School of Computer Science and Information Engineering, Hefei University of Technology, Hefei 230009, China.
IEEE Trans Pattern Anal Mach Intell. 2013 May;35(5):1178-92. doi: 10.1109/TPAMI.2012.197.
We propose a new online feature selection framework for applications with streaming features where the knowledge of the full feature space is unknown in advance. We define streaming features as features that flow in one by one over time whereas the number of training examples remains fixed. This is in contrast with traditional online learning methods that only deal with sequentially added observations, with little attention being paid to streaming features. The critical challenges for Online Streaming Feature Selection (OSFS) include 1) the continuous growth of feature volumes over time, 2) a large feature space, possibly of unknown or infinite size, and 3) the unavailability of the entire feature set before learning starts. In the paper, we present a novel Online Streaming Feature Selection method to select strongly relevant and nonredundant features on the fly. An efficient Fast-OSFS algorithm is proposed to improve feature selection performance. The proposed algorithms are evaluated extensively on high-dimensional datasets and also with a real-world case study on impact crater detection. Experimental results demonstrate that the algorithms achieve better compactness and higher prediction accuracy than existing streaming feature selection algorithms.

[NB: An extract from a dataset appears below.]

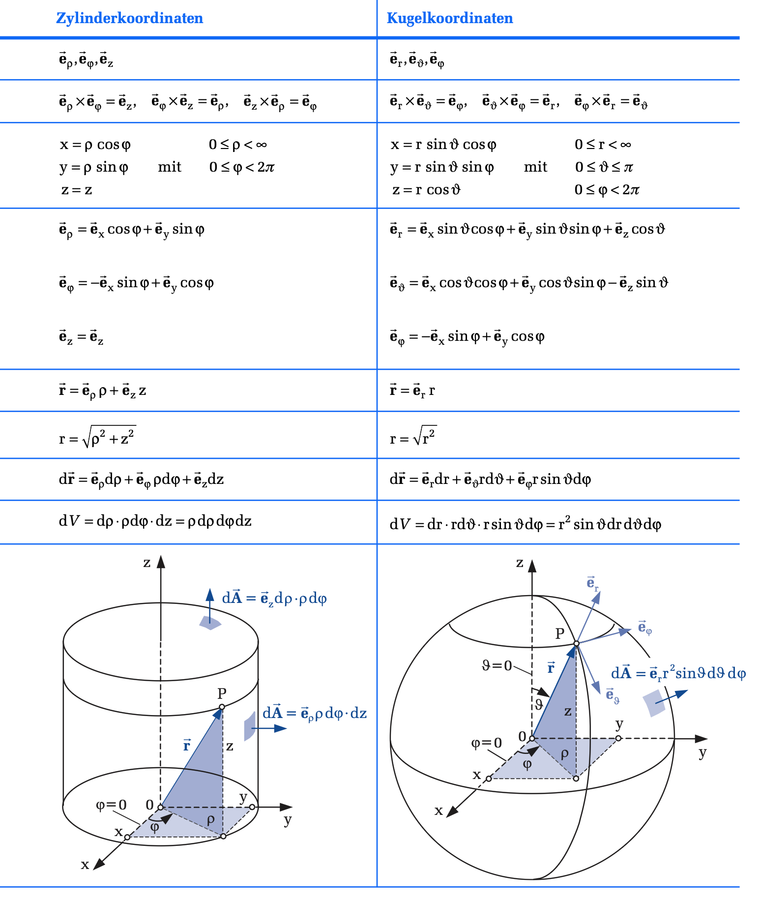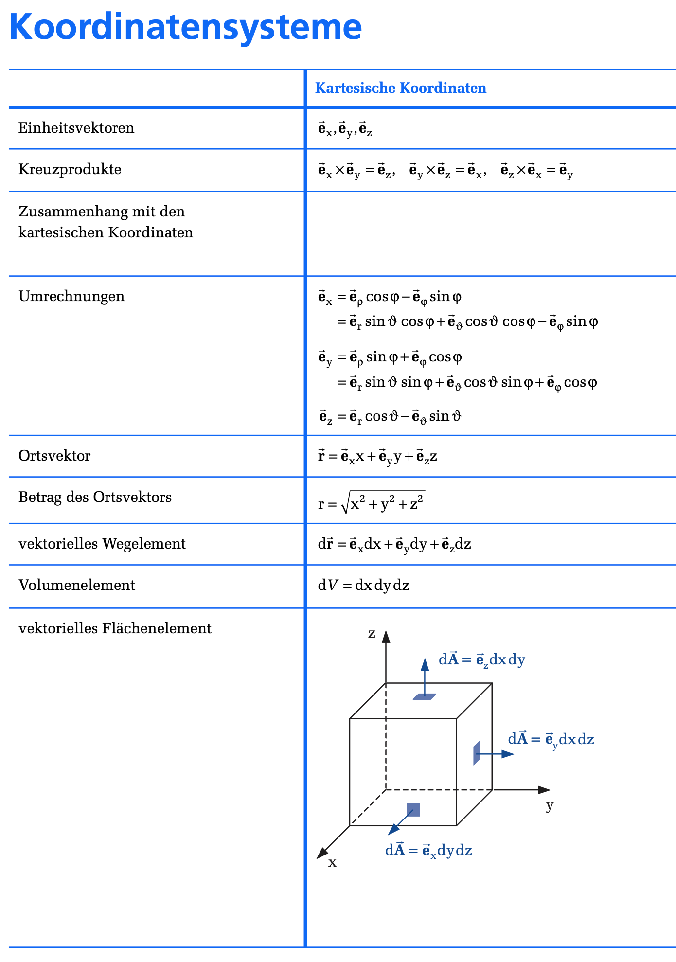 Dieser Anhang beschreibt drei wichtige orthogonale Koordinatensysteme. Orthogonal bedeutet, dass die Einheitsvektoren an jedem Punkt senkrecht aufeinander stehen. Es handelt sich um Rechtssysteme.

我们提出了一种新的在线特征选择框架,用于具有流特征的应用,其中事先不知道完整的特征空间的知识。我们将流特征定义为随时间逐个流动的特征,而训练示例的数量保持不变。这与传统的在线学习方法形成对比,传统的在线学习方法仅处理顺序添加的观察结果,对流特征的关注很少。在线流特征选择(OSFS)的关键挑战包括 1)特征数量随时间不断增长,2)特征空间大,可能未知或无限大,以及 3)在学习开始之前无法获得整个特征集。在本文中,我们提出了一种新颖的在线流特征选择方法,以实时选择强相关且非冗余的特征。提出了一种有效的快速 OSFS 算法来提高特征选择性能。在高维数据集上以及在冲击坑检测的实际案例研究上,对所提出的算法进行了广泛的评估。实验结果表明,与现有的流特征选择算法相比,这些算法实现了更好的紧凑性和更高的预测准确性。